##### GIVEN INFORMATION #####

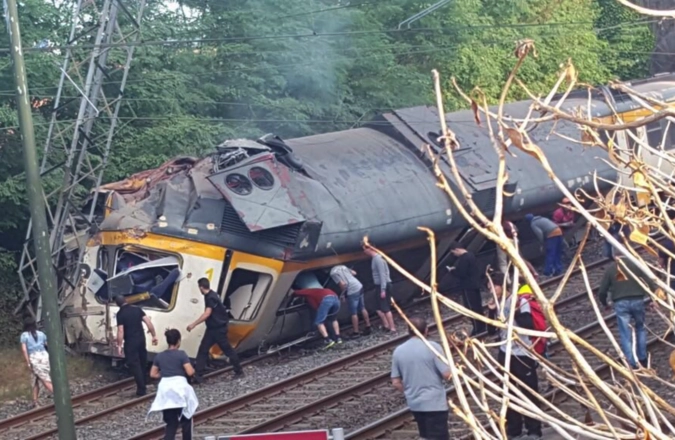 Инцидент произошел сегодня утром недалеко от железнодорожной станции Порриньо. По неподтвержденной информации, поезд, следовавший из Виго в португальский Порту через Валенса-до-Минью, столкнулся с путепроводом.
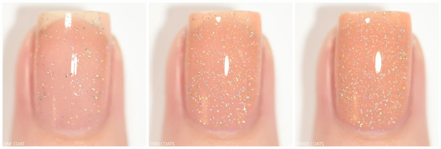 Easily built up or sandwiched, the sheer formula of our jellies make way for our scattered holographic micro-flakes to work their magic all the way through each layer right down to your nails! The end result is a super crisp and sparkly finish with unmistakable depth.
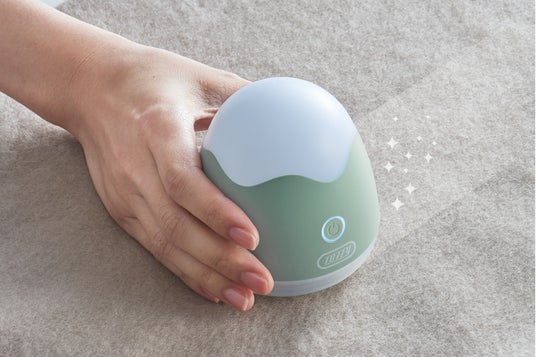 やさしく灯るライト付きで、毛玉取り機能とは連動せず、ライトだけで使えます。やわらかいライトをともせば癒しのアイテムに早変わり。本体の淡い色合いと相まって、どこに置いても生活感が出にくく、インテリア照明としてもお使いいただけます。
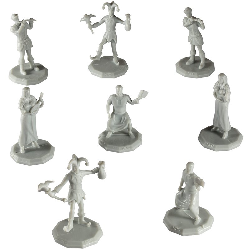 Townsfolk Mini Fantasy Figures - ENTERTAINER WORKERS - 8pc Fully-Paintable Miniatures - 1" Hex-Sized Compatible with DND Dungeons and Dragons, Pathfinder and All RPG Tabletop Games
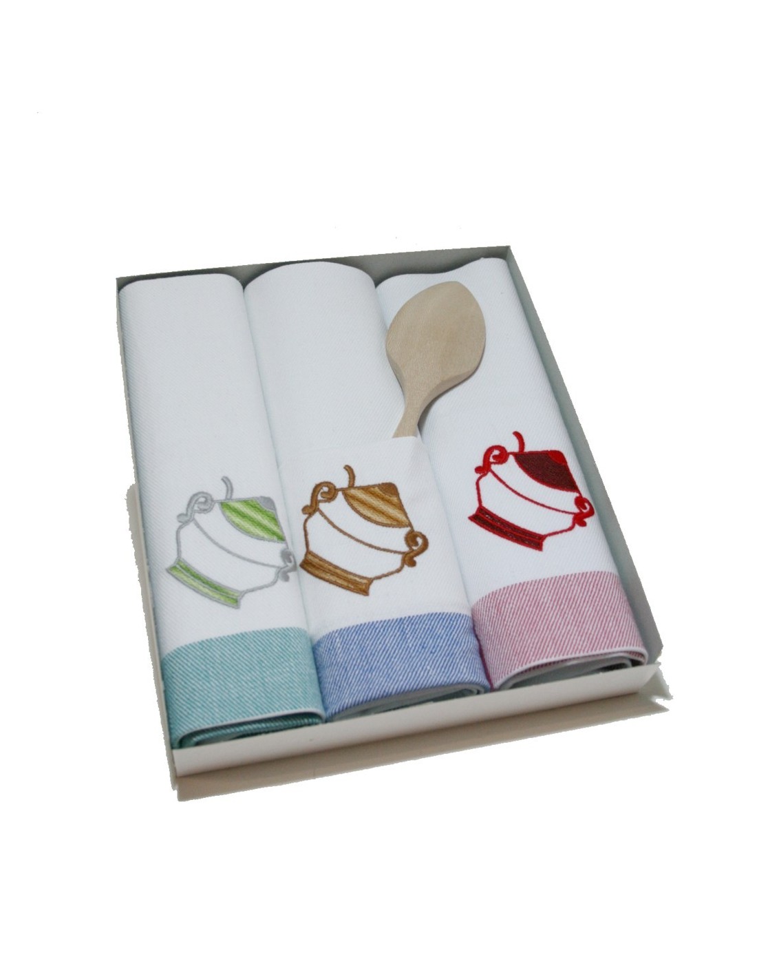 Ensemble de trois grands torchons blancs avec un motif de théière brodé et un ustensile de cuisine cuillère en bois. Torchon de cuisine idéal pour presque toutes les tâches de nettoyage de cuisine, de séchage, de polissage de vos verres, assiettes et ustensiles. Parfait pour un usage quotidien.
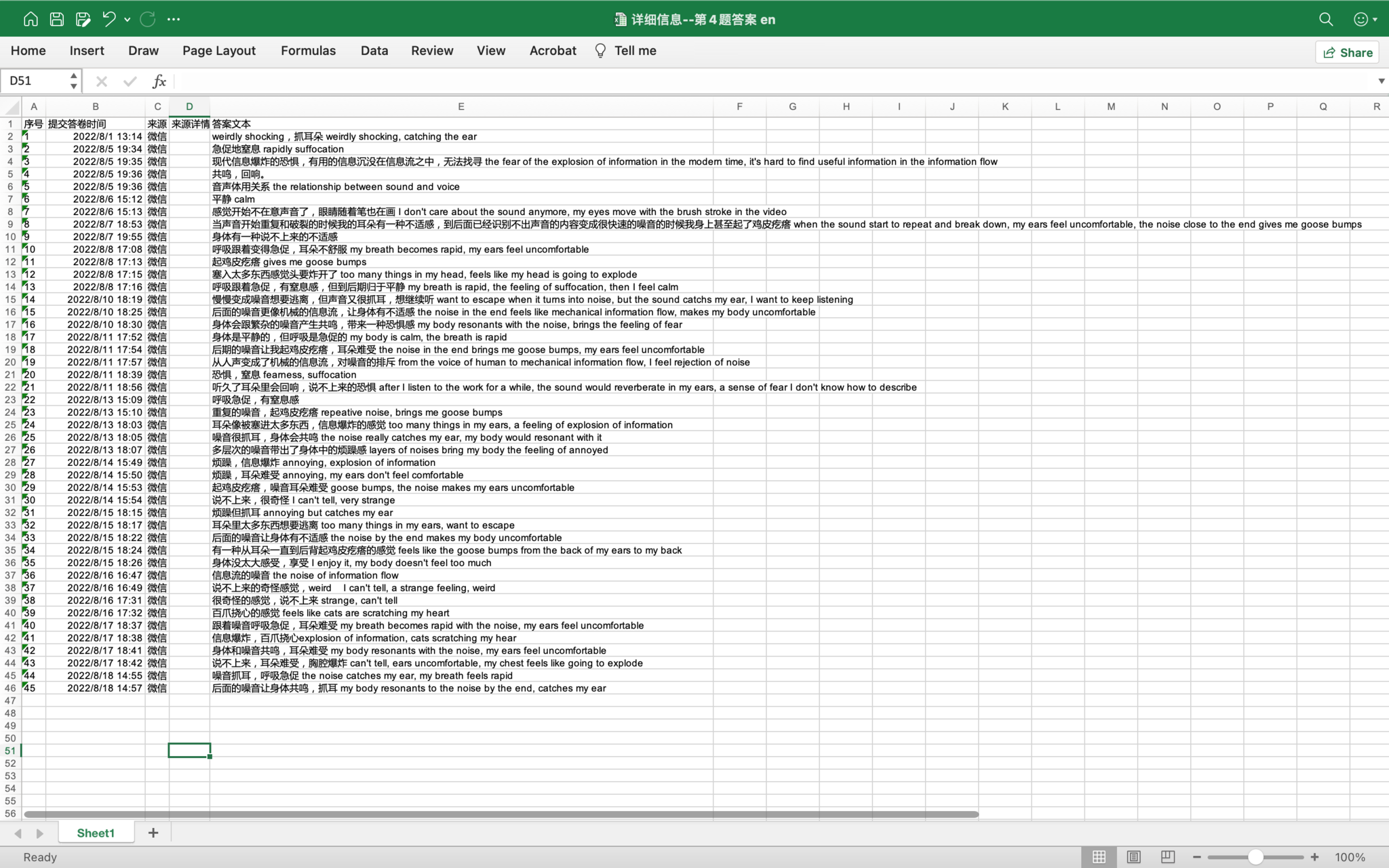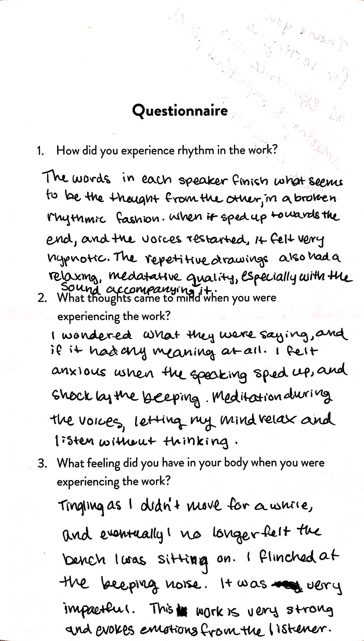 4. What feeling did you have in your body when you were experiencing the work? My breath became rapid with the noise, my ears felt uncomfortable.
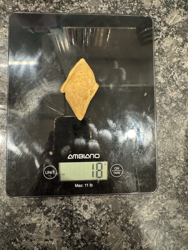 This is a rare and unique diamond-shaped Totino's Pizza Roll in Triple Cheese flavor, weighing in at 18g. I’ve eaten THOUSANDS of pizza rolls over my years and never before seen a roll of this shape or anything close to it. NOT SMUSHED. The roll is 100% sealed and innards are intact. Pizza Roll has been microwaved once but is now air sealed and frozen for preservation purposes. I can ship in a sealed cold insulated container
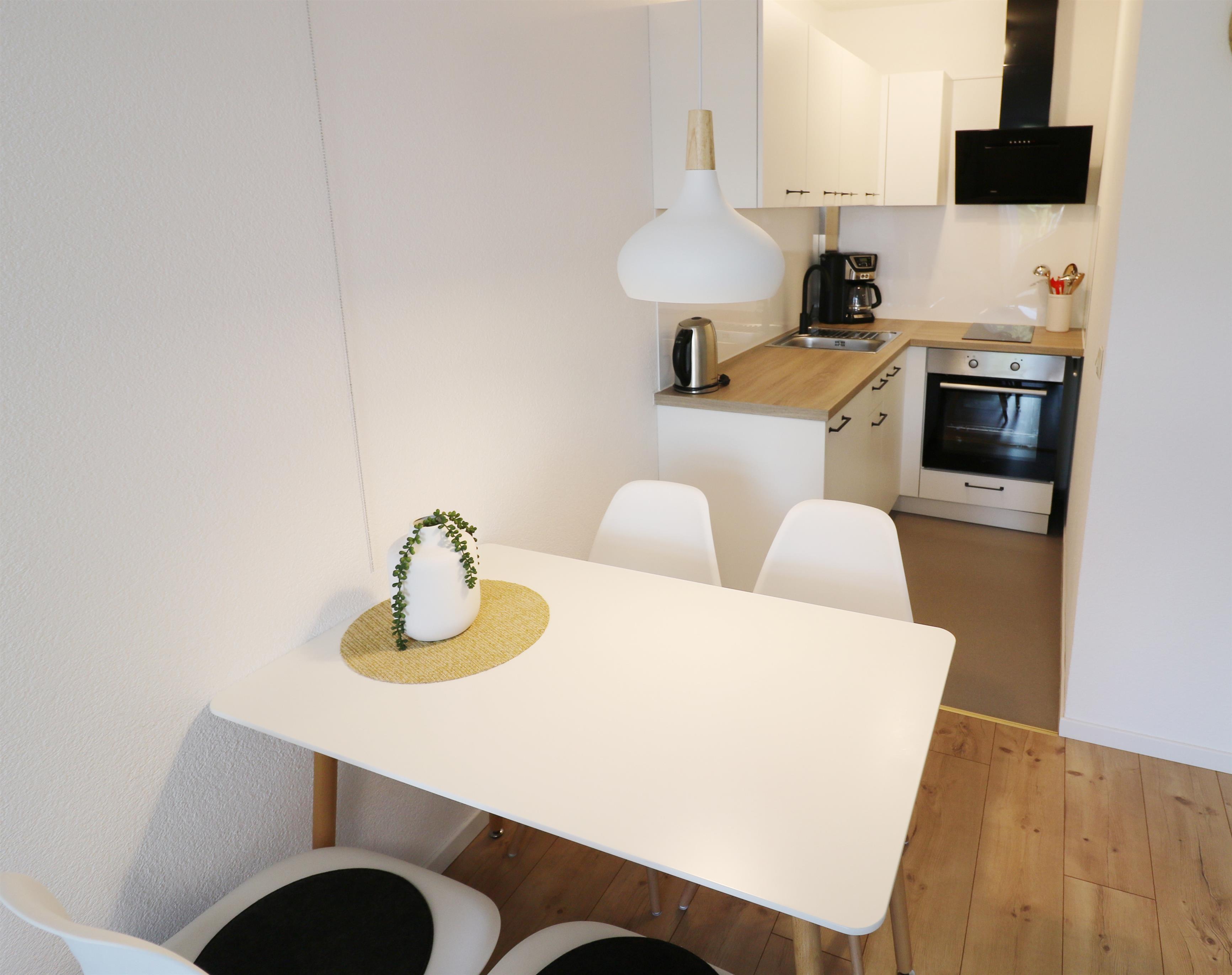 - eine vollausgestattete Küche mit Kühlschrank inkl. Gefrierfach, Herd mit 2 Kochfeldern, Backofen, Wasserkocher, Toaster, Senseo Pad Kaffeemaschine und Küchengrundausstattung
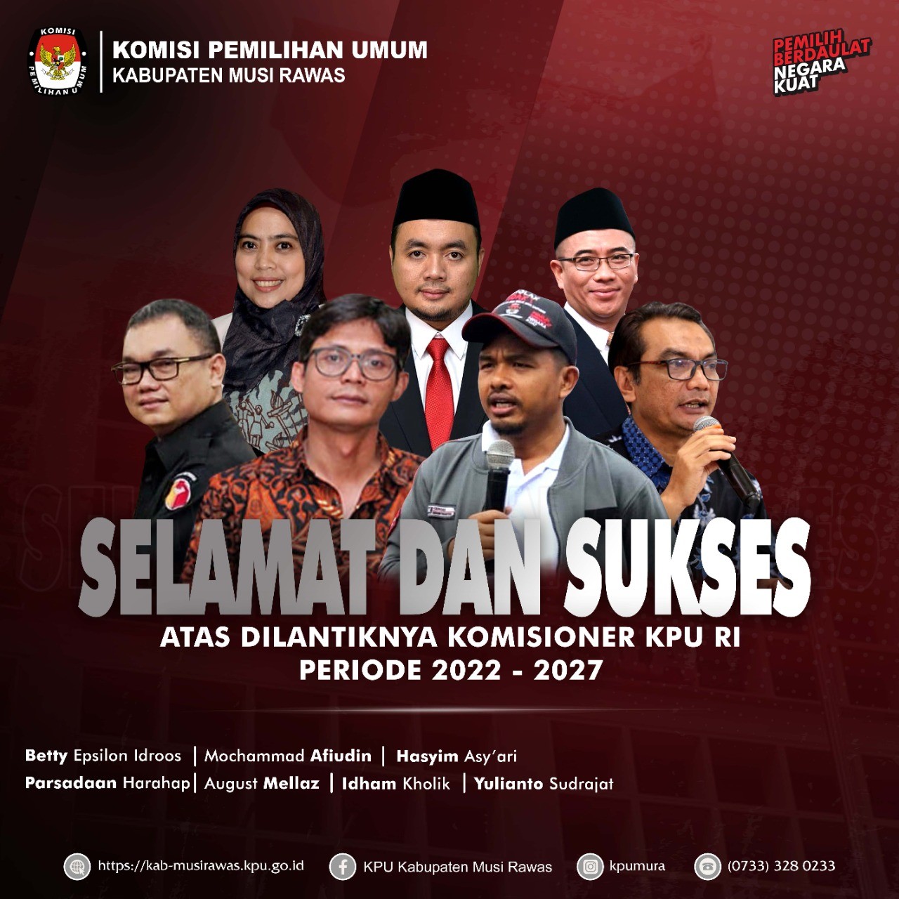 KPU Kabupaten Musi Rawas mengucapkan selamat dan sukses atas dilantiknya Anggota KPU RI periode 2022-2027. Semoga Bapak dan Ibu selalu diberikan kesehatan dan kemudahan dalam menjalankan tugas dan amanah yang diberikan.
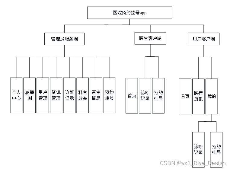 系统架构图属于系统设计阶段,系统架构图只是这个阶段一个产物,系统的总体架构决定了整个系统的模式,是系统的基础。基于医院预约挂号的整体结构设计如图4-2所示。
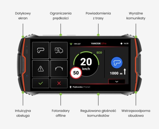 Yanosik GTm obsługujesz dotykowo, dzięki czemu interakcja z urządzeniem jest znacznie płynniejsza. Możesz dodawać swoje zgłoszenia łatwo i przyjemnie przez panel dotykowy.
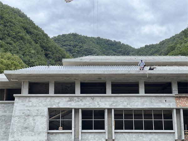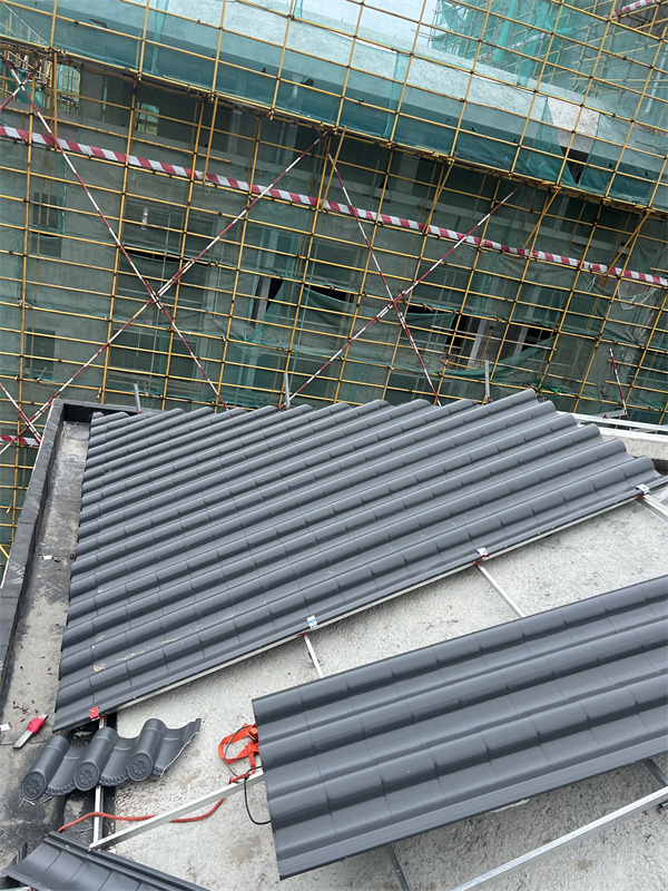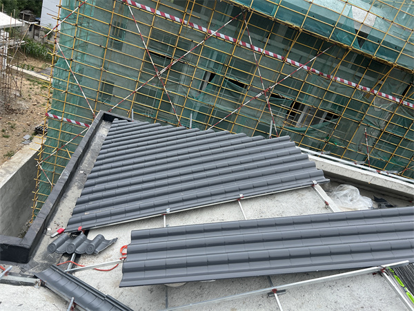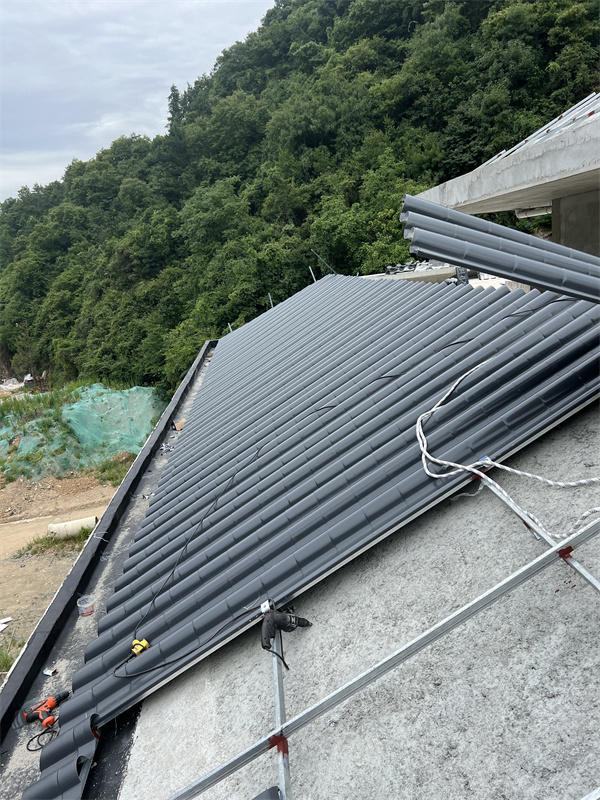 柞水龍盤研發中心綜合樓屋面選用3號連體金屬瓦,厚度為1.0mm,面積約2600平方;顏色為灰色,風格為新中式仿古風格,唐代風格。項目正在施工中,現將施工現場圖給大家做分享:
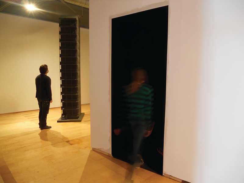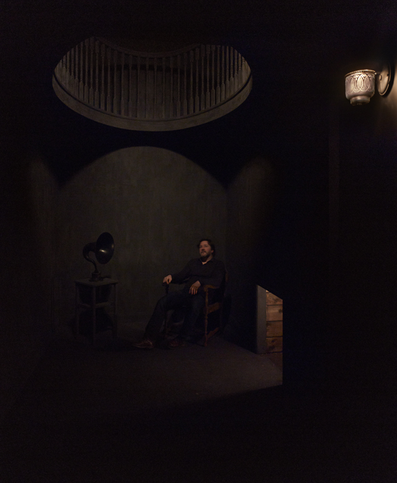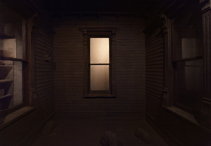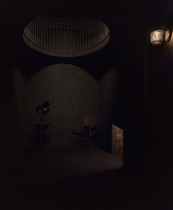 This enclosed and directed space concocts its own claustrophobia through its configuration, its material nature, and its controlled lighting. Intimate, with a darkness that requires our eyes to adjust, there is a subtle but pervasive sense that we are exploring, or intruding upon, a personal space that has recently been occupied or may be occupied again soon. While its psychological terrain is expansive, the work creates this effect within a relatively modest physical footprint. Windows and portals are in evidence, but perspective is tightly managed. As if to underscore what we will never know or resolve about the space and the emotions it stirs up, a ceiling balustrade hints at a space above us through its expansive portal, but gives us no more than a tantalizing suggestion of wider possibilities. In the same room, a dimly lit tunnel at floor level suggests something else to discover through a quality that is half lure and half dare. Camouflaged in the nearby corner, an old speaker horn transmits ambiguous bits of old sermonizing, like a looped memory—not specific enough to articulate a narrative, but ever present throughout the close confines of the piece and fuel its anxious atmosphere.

#####

> _WHAT YOU HAVE TO DO_
In the records above, find the line with "Easily built up" and the line with "4. What feeling"; please transcribe exactly those two lines and all lines between them, omitting any picture.

> _REPLY TO THE EXERCISE_
 Easily built up or sandwiched, the sheer formula of our jellies make way for our scattered holographic micro-flakes to work their magic all the way through each layer right down to your nails! The end result is a super crisp and sparkly finish with unmistakable depth.
 やさしく灯るライト付きで、毛玉取り機能とは連動せず、ライトだけで使えます。やわらかいライトをともせば癒しのアイテムに早変わり。本体の淡い色合いと相まって、どこに置いても生活感が出にくく、インテリア照明としてもお使いいただけます。
 Townsfolk Mini Fantasy Figures - ENTERTAINER WORKERS - 8pc Fully-Paintable Miniatures - 1" Hex-Sized Compatible with DND Dungeons and Dragons, Pathfinder and All RPG Tabletop Games
 Ensemble de trois grands torchons blancs avec un motif de théière brodé et un ustensile de cuisine cuillère en bois. Torchon de cuisine idéal pour presque toutes les tâches de nettoyage de cuisine, de séchage, de polissage de vos verres, assiettes et ustensiles. Parfait pour un usage quotidien.
 4. What feeling did you have in your body when you were experiencing the work? My breath became rapid with the noise, my ears felt uncomfortable.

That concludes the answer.